EXERCISE BRIEF
From the line that contains "Materiał: Materiał plandekowy" down to the last line of the entries, repeat every line exactly. Do not carry over the pictures.

[PROVIDED MATERIAL]

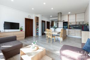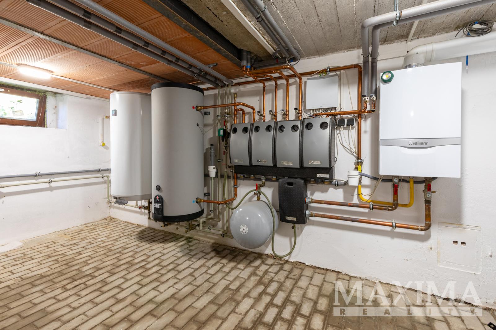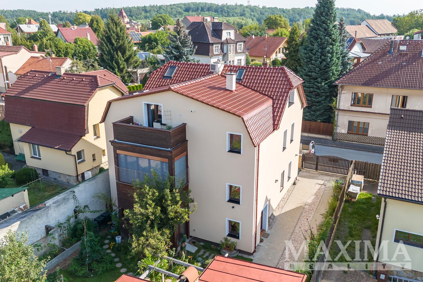 - Technologie: moderní plynový kondenzační kotel, podlahové i klasické topení, samostatná regulace v každém patře, klimatizace s možností chlazení i přitápění ve všech bytech, příprava na fotovoltaiku
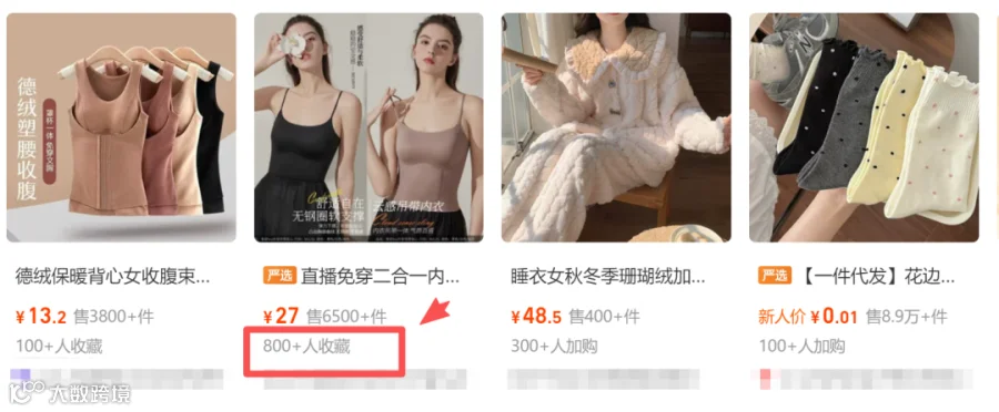 对消费者而言,收藏量是一种社会认同。例如,某款“二合一内衣”收藏量达800+,另一款“收腹内衣”收藏超100+,这些数据有效降低了买家决策成本,显著提升点击率与转化表现。
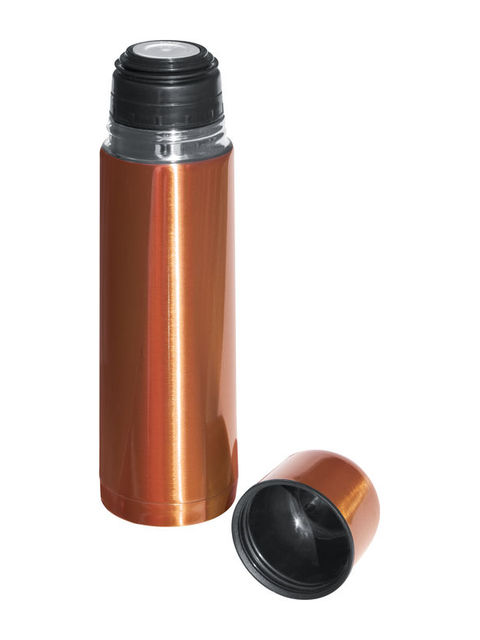 500 ml űrtartalmú duplafalú vákuumszigetelt termosz, gyors zárral, fém bögrével, szivárgásmentes.
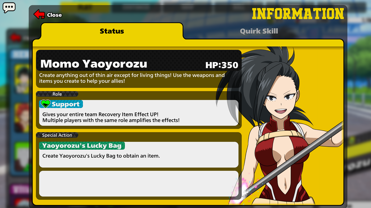 - Momo Yaoyorozu: As items can make or break a team in My Hero Ultra Rumble, a character with the ability to produce them will invariably be a powerful asset in any battle. Her Lucky Bag allows her to generate a random item such as a skill card or healing item, which can provide a quick advantage. Adding to that, her basic abilities provide a strong defense for your team thanks to her shield, while her cannon offers up a strong offensive attack
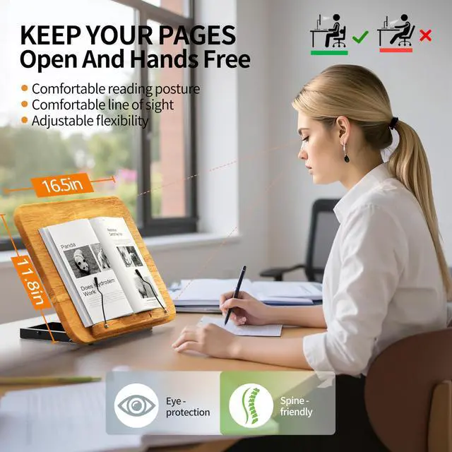 Clip Design: The 0.5 -inch thick wooden panel ( 16.5" x 11.8" ) offers more space than most standing laptop stands, supporting a variety of devices. Raised 2-inch edges prevent slipping for added stability. The built-in book clip secures books or documents, keeping your hands free for improved comfort ^^ One
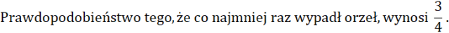 1. Odrzucamy tylko jedno zdarzenie: gdy wypadną dwie reszki {R, R}.
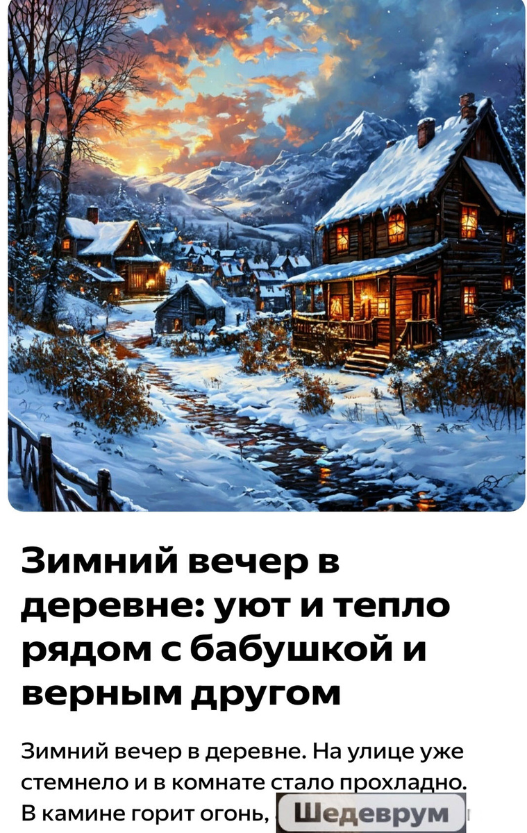 «Зимний вечер в деревне. На улице уже стемнело и в комнате стало прохладно. В камине горит огонь, а на диване рядом с ним сидит бабушка и её верный друг - вельштерьер Вега. Они рассматривают фотографии из старого альбома, который бабушка бережно хранила многие годы. На фотографиях изображены разные моменты из жизни бабушки и дедушки, а также их дети и внуки. Бабушка с любовью рассказывает о каждом человеке, изображённом на фотографии, и о том, как они жили в те времена. Она вспоминает о том, какие были традиции и обычаи, какие праздники отмечали и какие песни пели. Вега внимательно слушает бабушку и смотрит на фотографии. Он чувствует себя частью этой истории и понимает, что его хозяйка и дедушка были очень близки друг к другу. Он тоже хочет сохранить эти воспоминания на всю жизнь. Зимний вечер в деревне кажется таким уютным и тёплым. Бабушка и Вега сидят у камина и наслаждаются тишиной и спокойствием, которые царят в этом доме. Они чувствуют себя защищенными и любимыми, и это делает их счастливыми.» ШЕДЕВРУМ 30.01.2025
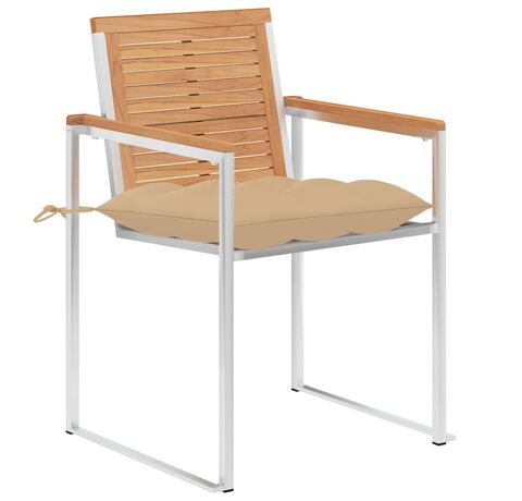 Construit din lemn de tec de esență tare, extrem de durabil, această piesă de mobilier din tec a fost tratată, uscată la cuptor și apoi șlefuită fin pentru a da un aspect foarte neted. Lemnul de tec este cunoscut pentru robustețea sa excepțională și rezistența la intemperii, făcându-l mult mai potrivit pentru mobilierul de grădină decât orice alt tip de lemn. Lemnul de tec este alegerea perfectă dacă doriți să achiziționați o piesă de mobilier de grădină de lungă durată. Cadrul din oțel inoxidabil de înaltă calitate le face, de asemenea, extrem de durabile, rezistente la rugină și robuste. Perna inclusă este mai mult decât un plus practic; are și o funcție decorativă. Așezați-vă pentru o cină în aer liber sau relaxați-vă și bucurați-vă de vreme cu acest set clasic de scaune de grădină.
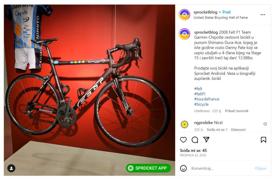 Karbonski cestovni bicikl iz 2007. Model koji je vožen na turu 2008. Puni naziv Felt F1 Team Garmin - Chipotle.
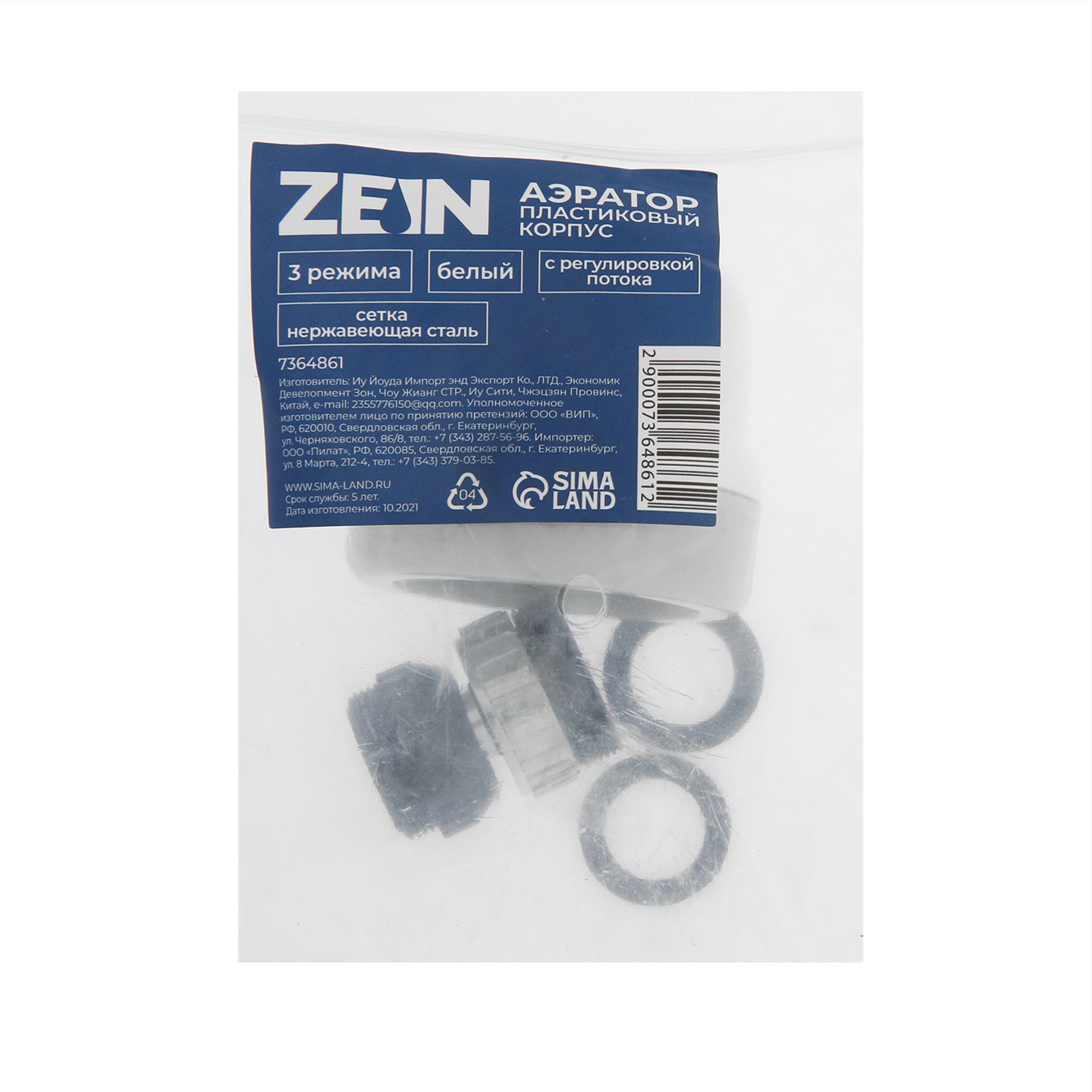 Аэратор с регулировкой потока, сетка из нержавейки, 3 режима, пластик, белый, 5.5x8.5x5.5 см., ZEIN, Китай
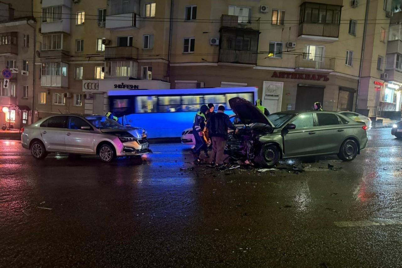 В центре Воронежа столкнулись две иномарки — пострадали три человекаПострадавших увезли в больницу
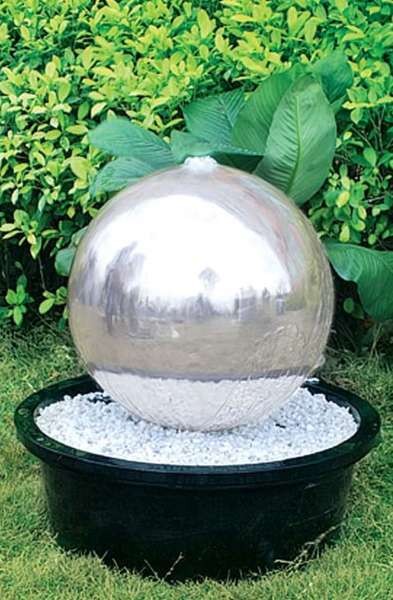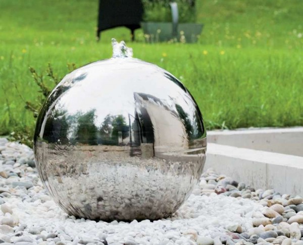 Δύο κομψά σιντριβάνια κήπου δημιουργημένα από γυαλισμένες σφαίρες ανοξείδωτου χάλυβα (διάμετρος 40cm ή 50cm).
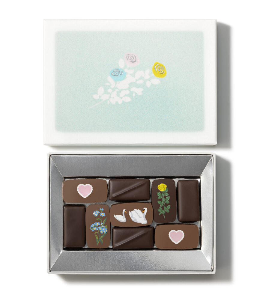 白鳥やお花をプリントした華やかなローズの香りや、ナッツの味わいのチョコレート。ナッツやベリー、レモンをトッピングした、彩り豊かなマンディアン。2種類のチョコレートを詰め合わせました。
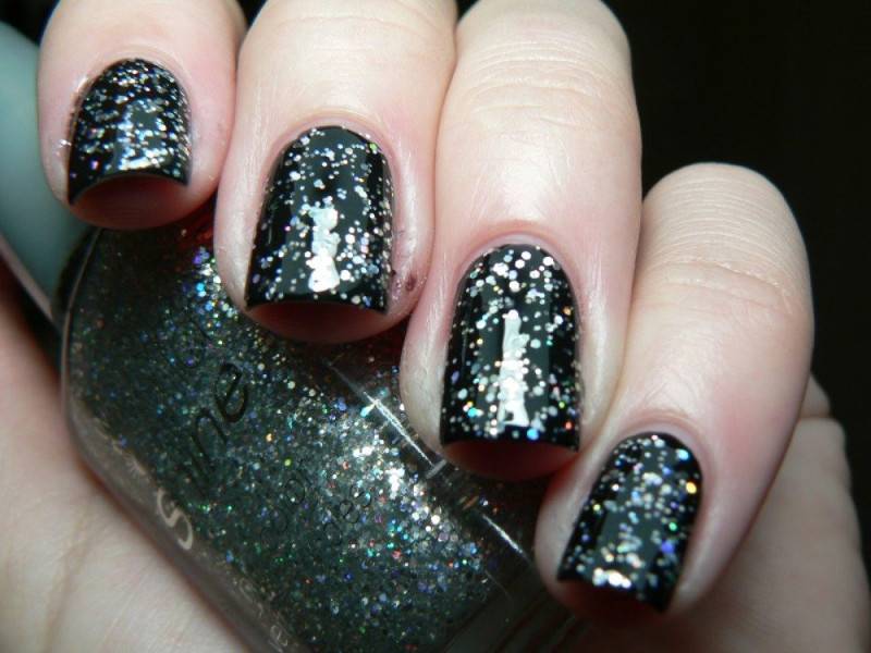 черный маникюр с блестками
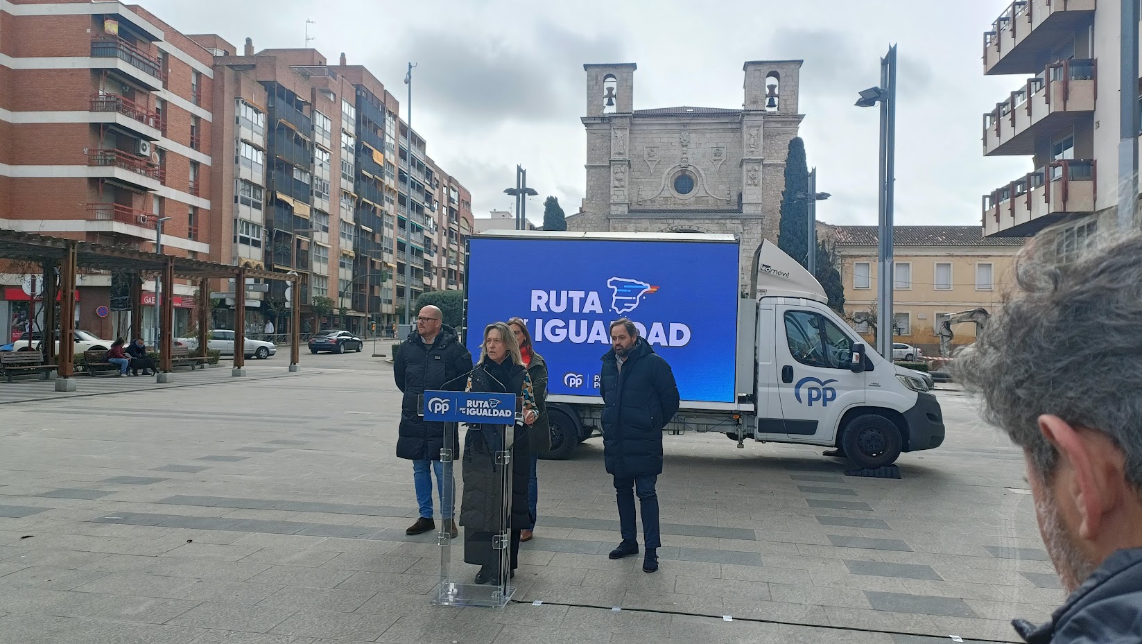 La mañana del domingo, marcada por el viento y el frío, no animaba precisamente a plantarse a pie firme en la Plaza de Santo Domingo. Contra las inclemencias del tiempo y la falta de conocimiento general han tenido que luchar este 25 de febrero los convocantes de un acto del PP, que tenía como principal referencia a Carmen Fúnez, en su condición de vicesecretaria de Organización Territorial en la calle Génova.
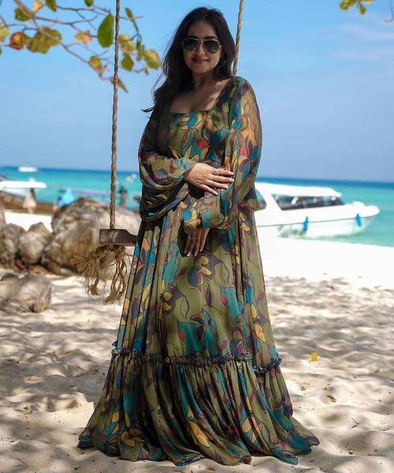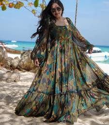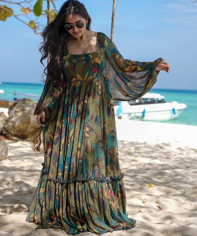 Mehendi digital printed georgette traditional anarkali gown stitched
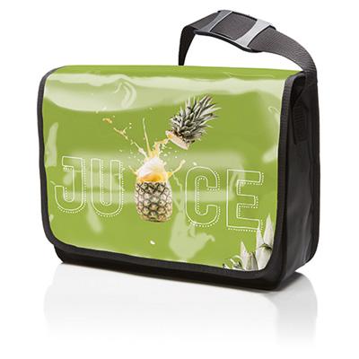 Materiał: Materiał plandekowy + folia Rozmiar: 37x29x13 cm Pakowanie: 20 szt./karton Specyfikacja: modna torba umożliwiająca prezentację Twojego, indywidualnego przekazu reklamowego; przeźroczysta klapa na zamek błyskawiczny; wewnątrz elementy organizatora; kieszeń na na tylnej części torby; regulowany pasek na ramię ramię
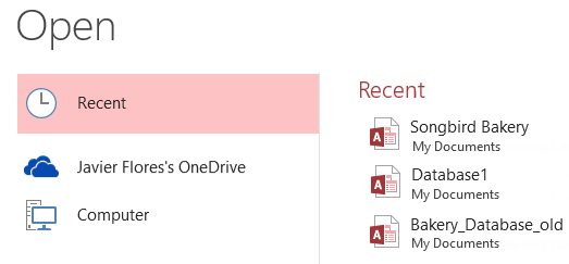 From here, you can open databases from your computer, including those you've recently edited.

[/PROVIDED MATERIAL]

SOLUTION TO THIS PROBLEM
 Materiał: Materiał plandekowy + folia Rozmiar: 37x29x13 cm Pakowanie: 20 szt./karton Specyfikacja: modna torba umożliwiająca prezentację Twojego, indywidualnego przekazu reklamowego; przeźroczysta klapa na zamek błyskawiczny; wewnątrz elementy organizatora; kieszeń na na tylnej części torby; regulowany pasek na ramię ramię
 From here, you can open databases from your computer, including those you've recently edited.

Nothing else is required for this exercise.